6. For DHCPv6, unlike DHCPv4, the link-address is not used for the server to forward responses back. The DHCPv6 server sends responses to the source address of the request. This typically is the egress interface address when the system sends out the relay-forward message. For MC-IPSec, no special configuration is required as long as the DHCPv6 server can route relay-reply messages back to the correct chassis.

IPv6 IPSec Support

The SR OS provides the following IPv6 support to IPSec functions:

IPv6 packets as the ESP tunnel payload
IPv6 as the ESP tunnel encapsulation

IPv6 as Payload

IPv6 as payload allows IPv6 packets to be forwarded within an IPSec tunnel. Current support includes the following:

Tunnel type support:
1. Static LAN-to-LAN tunnel
2. Dynamic LAN-to-LAN tunnel
3. Remote-access tunnel (only IKEv2 is supported)
The prefix length of the IPv6 address on a private interface must be /96 or longer

IPv6 as Payload: Static LAN-to-LAN Tunnel

There are three methods to forward IPv6 traffic into static tunnels on the private side:

The destination address is a configured destination IP (dest-ip) under the tunnel context
1. The dest-ip can be either an IPv6 address or an IPv4 address.
2. In the case of IPv6, it must be either an IPv6 global unicast address or an IPv6 link-local address.
3. In the case of IPv4, it can be used to forward IPv4 traffic into the tunnel.
4. In case of unicast address, dest-ip must be within the prefix configured on the private interface.
5. Up to 16 destination IPs can be configured per ipsec-tunnel.
A v6 route with a configured destination IP as the next-hop, this route can be learned from either a static or dynamic from a routing protocol such as BGP.
An IPv6 static route with an ipsec-tunnel used as the next-hop.

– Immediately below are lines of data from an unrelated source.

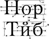1 - осн. штрих; 2 - соединительный штрих; 3 - засечка; 4 - вертикальная засечка; 5 внутрибуквенный просвет; 6 - наплыв; 7 межбуквенный просвет; 8 - линия шрифта, или нижняя линия шрифта; 9 - верхняя линия строчных округлых букв; 10 - высота прописных букв; 11 - высота строчных букв; 12 - оптическая середина прописных букв; 13 - нижний выносной элемент; 14 - верхний выносной элемент; 15 - диакритический знак; 16 - интерлиньяж (междустрочный пробел); 17 - верхняя линия прописных букв; 18 - верхняя линия строчных букв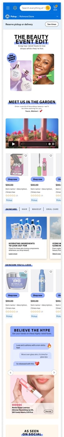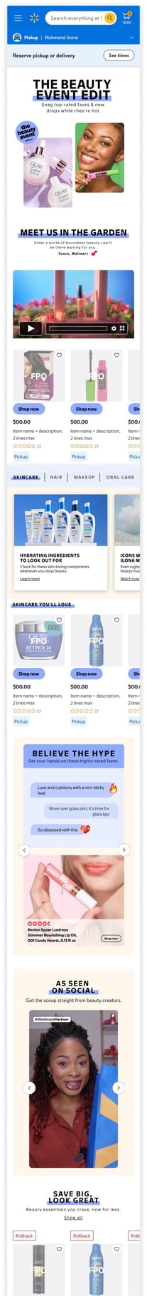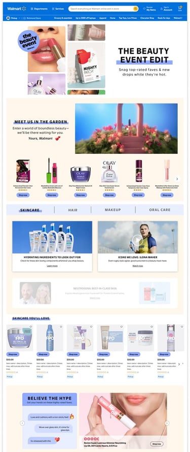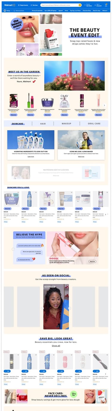 Led social-first storytelling for Walmart’s FY26 Spring Beauty Event themed around transformation and real-life beauty. Activated 1,800+ rollbacks across trending brands in skin, hair, and cosmetics.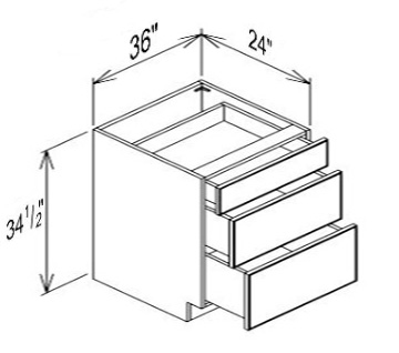 Innovation Imperial Blue DB36-3: Drawer Base Cabinet: RTA Kitchen Cabinet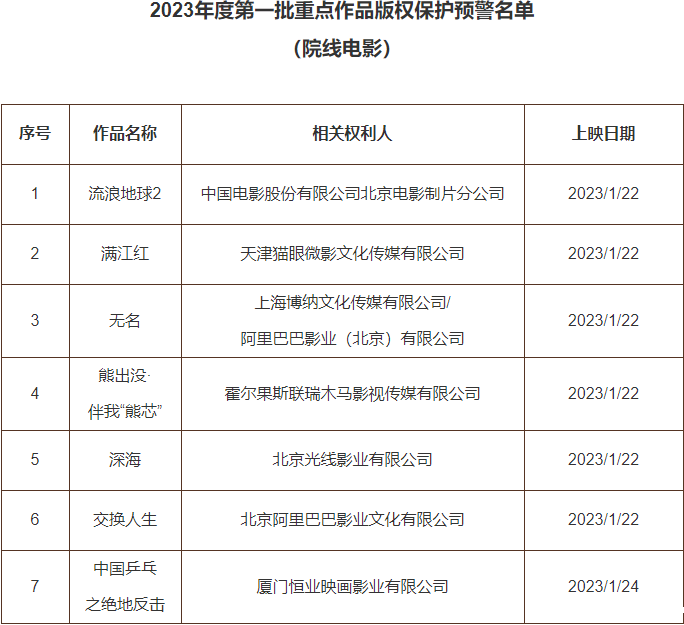 按照国家版权局《关于进一步加强互联网传播作品版权监管工作的意见》及版权重点监管工作计划,根据相关权利人上报的作品授权情况,现公布2023年度第一批重点作品星空体育app下载官网预警名单。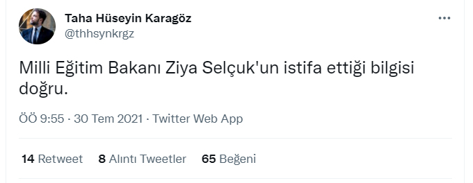 2-MEB Ziya Selçuk’un istifa ettiği ve bu istifanın da kabul edilerek, kesinleştiği bilgisi geldi. @tcmeb @ziyaselcuk" ifadelerini kullandı.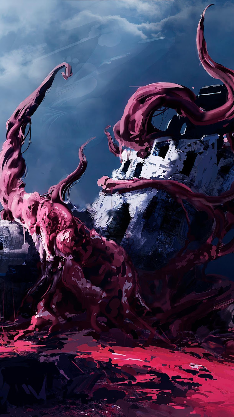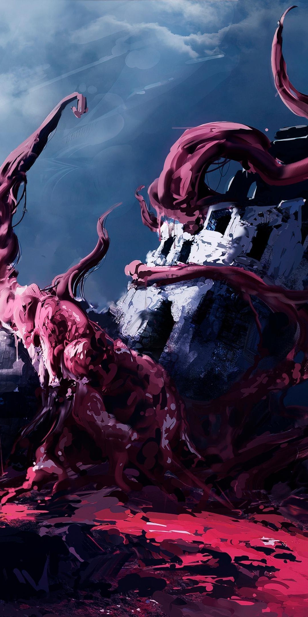 Horror Art, Digital Painting, Tentacles, Ruined Building 4K Ultrawide Desktop and Mobile Wallpaper Background with a maximum resolution of 5160x2160 px.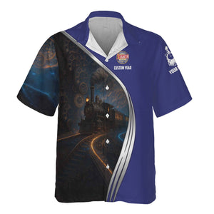 Railspirit Personalized Chicago, Burlington and Quincy Railroad Hawaiian Shirt Steampunk Locomotive with Custom Year Train Shirt

A security policy supports either an IPv4 entry or an IPv6 entry or both for dual-stack.

IPv6 as Payload: Dynamic LAN-to-LAN Tunnel

With dynamic LAN-to-LAN tunnels, the system will automatically create a v6 reverse route in the private VPRN based on the received TSi payload with the tunnel as the nexthop.

IPv6 as Payload: Remote-Access Tunnel

The system supports the following IKEv2 IPv6 configuration attributes:

INTERNAL_IP6_ADDRESS
INTERNAL_IP6_DNS

The system supports only one internal IPv6 address per tunnel. The following IPv6-related RADIUS attributes are also supported in access-accept:

Framed-IPv6-Prefix will be translated into INTERNAL_IP6_ADDRESS in the configuration payload, which includes two parts. A 16-byte v6 prefix and a one-byte prefix length.
Alc-Ipv6-Primary-Dns
Alc-Ipv6-Secondary-Dns

If an internal v6 address has been assigned to the remote-access client, then the Framed-IPv6-Prefix will also be included in RADIUS accounting-request packet.The assigned internal v6 address must be within the prefix configured on the corresponding private interface.

If the client request both v4 and v6 address and address source (such as RADIUS or LAA) assign both v4 and v6 address, then both v4 and v6 addresses will be assigned to the client via the configuration payload.

IPv6 as Encapsulation

IPv6 as encapsulation allows IPv4 or IPv6 packets to be forwarded within an IPv6 ESP tunnel, also the IKE protocol can run over IPv6. Current support includes:

Tunnel type support:
1. Static LAN-to-LAN tunnel
2. Dynamic LAN-to-LAN tunnel
3. Remote-access tunnel (For IKEv1, only v4 over v6 is supported)

For a given ipsec-gw or ipsec-tunnel, only one local gateway address is supported, which could be either an IPv4 or IPv6 address. The SR OS also provides fragmentation and reassembly support for IPv6 ESP/IKE packets.